Действительно, что-то было в этих стихах. Глубина, пронзительность, соотнесённость с окружающим миром.
– А знаешь, как японцы называют такие стихи? – Он чуть-чуть прищурился. – Танки… Вот так… Такие мирные стихи. И вдруг «танки»…
– Он помолчал долгонько, словно размышляя над этим звуковым несоответствием. И повертев, не спеша, головой, заключил: – Удивительно…
(Правда, в этот раз Пётр Порфирьевич почему-то ошибся. Это пятистишье называется «танка», а трёхстишье – «хокку». Но ведь не в этом суть).
«Ах, осени приход! Он будто бы вода: Умоешься – И мысли обновились!»
Всего несколько строк. Но так ёмко. И такое впечатление, что всё это выплеснулось не из далёкого японского, а из нашего русского сердца.
«Лежу в траве без дум и без печали. А высоко над головой – Резвится коршун в ясном небе…»
Я улыбнулся про себя. Ну, этих стихов он не мог не прочитать. Почти все дни своей жизни проведший на рыбалке, он, вероятно, тысячу раз испытывал то же состояние, что и далёкий японский поэт.
Не терпелось ему познакомить меня со стихами о Тургеневе, его любимом писателе: «Роман Тургенева! Его я в поезде читал, долины Исикари проезжая, Где падал мокрый снег!».
Я смотрел на Петра Порфирьевича, на его лицо, сохранившее какую-то детскую наивность и первородный изначальный человеческий восторг.
Его не было здесь в этой избе, за окнами которой шумел и шумел дождь. Он парил сейчас где-то там, в небе страны восходящего солнца. И это паренье являлось для него обычным нормальным состоянием.
Но всё-таки проявлялась в этом и странность. Был бы он городским жителем. Ну, отстоял у станка смену. Пришёл с работы – и делай, что хочешь, читай толстенные книги или сиди часами у воды и сторожи пробковый поплавок, качающийся на волне.
А в деревне ведь не так. Здесь ещё и домашнее хозяйство…
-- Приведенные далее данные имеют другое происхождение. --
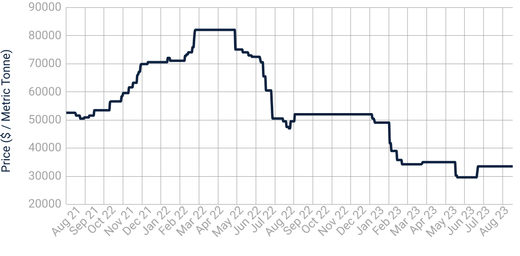 - Prices are expected to rise towards the back end of 2023 with a potential for the Chinese market to rebound and bring demand up.

Вначале они с Валентиной Кирилловной и корову заводили. А потом запретили держать скотину. А это Петру Порфирьевичу и на руку. Он первым отвёл свою Муравку в заготконтору. Да и другую живность порешил. Лишь с пяток кур и осталось.
Правда, жить стало голоднее. Но зато теперь уж никакие заботы по дому не отвлекали его от любимых занятий: рыбалки и книг.
Вскоре снова разрешили заводить скотину. Но Пётр Порфирьевич этим не воспользовался: нет уж, отменили, так отменили. Его спрашивали: «Пётр Порфирьевич, ты что коровушку-то не заводишь?»
Он, будто не расслышав, переспрашивал: «Корову? – И уж потом только отвечал, – а зачем она мне? Я молоко не пью…». И отходил в сторону.
Так и прожил он всю свою жизнь за книгами да за рыбалкой. И жизнь эта уже подходила к закату. На горизонте всё ярче алела вечерняя зорька. Второй год не работал он, находился на пенсии, так сказать, на заслуженном отдыхе.
Пока Пётр Порфирьевич знакомил меня с японской поэзией, дождь перестал. В промытое до хрустальности окно ударил сноп ярких лучей. Ещё оживлённее, веселее запели в садике перед окнами птицы. Я стал собираться уходить. Пётр Порфирьевич всучил мне книгу, которую только что расхваливал. Я не стал отказываться. Стихи, на самом деле, очень понравились.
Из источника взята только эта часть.